+++ Task material +++

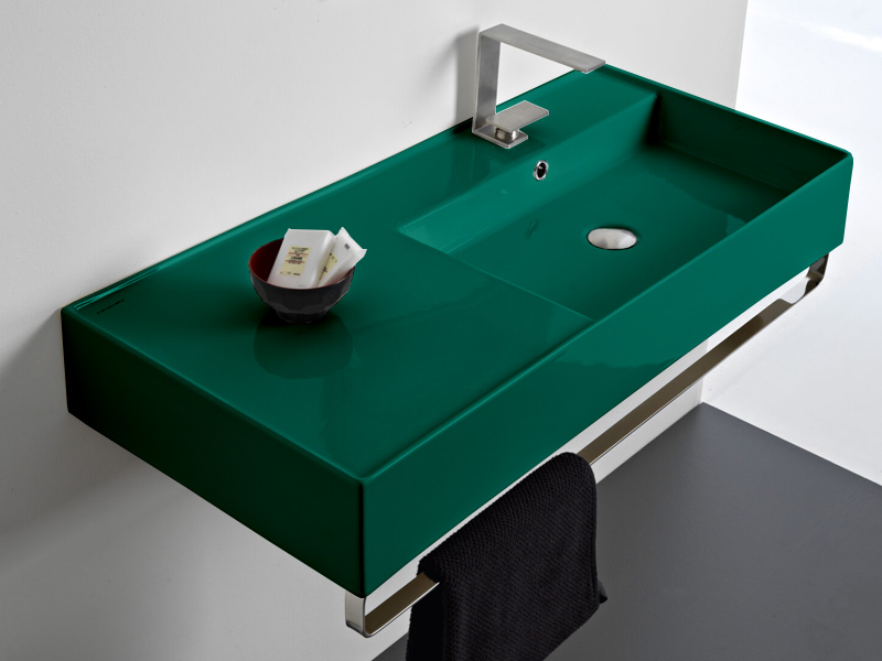 SCARABEO TEOREMA 2.0 5120 Раковина накладная или подвесная чаша справа, одно отверстие под смеситель, с сливом - переливом. Размеры: 101x46x14h см. Настенные крепления и перелив входят в комплект. Цвет Glossy musk.
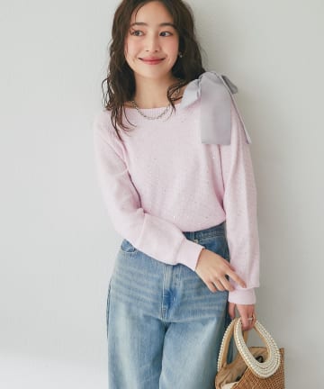 【最強着映え】ブークレスパンコールオフショルリボンニット
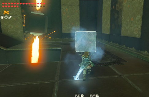 3、进入神庙,运起冰块,躲避火柱上去
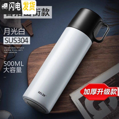 三维工匠保温杯男时尚大容量便携茶杯不锈钢女士学生水杯子定制刻字 月光白500
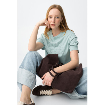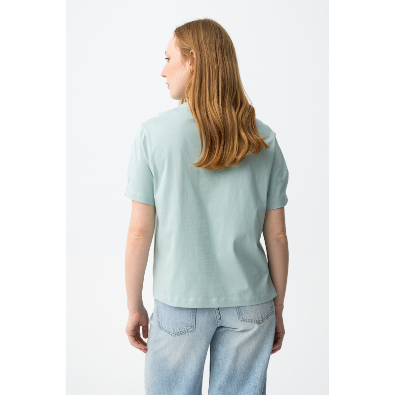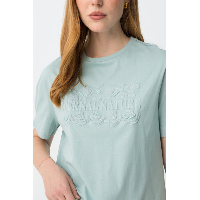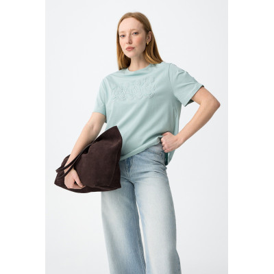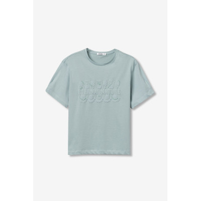 Camiseta de manga corta, corte relaxed, con bordado frontal y cuello redondo clásico.

+++

◆ Instructions for the task ◆
Leaving the pictures out, transcribe word for word the lines from the one with "3、进入神庙,运起冰块,躲避火柱上去" to the end of the material above, inclusive, and nothing else.

◆ Response to this exercise ◆
 3、进入神庙,运起冰块,躲避火柱上去
 三维工匠保温杯男时尚大容量便携茶杯不锈钢女士学生水杯子定制刻字 月光白500
 Camiseta de manga corta, corte relaxed, con bordado frontal y cuello redondo clásico.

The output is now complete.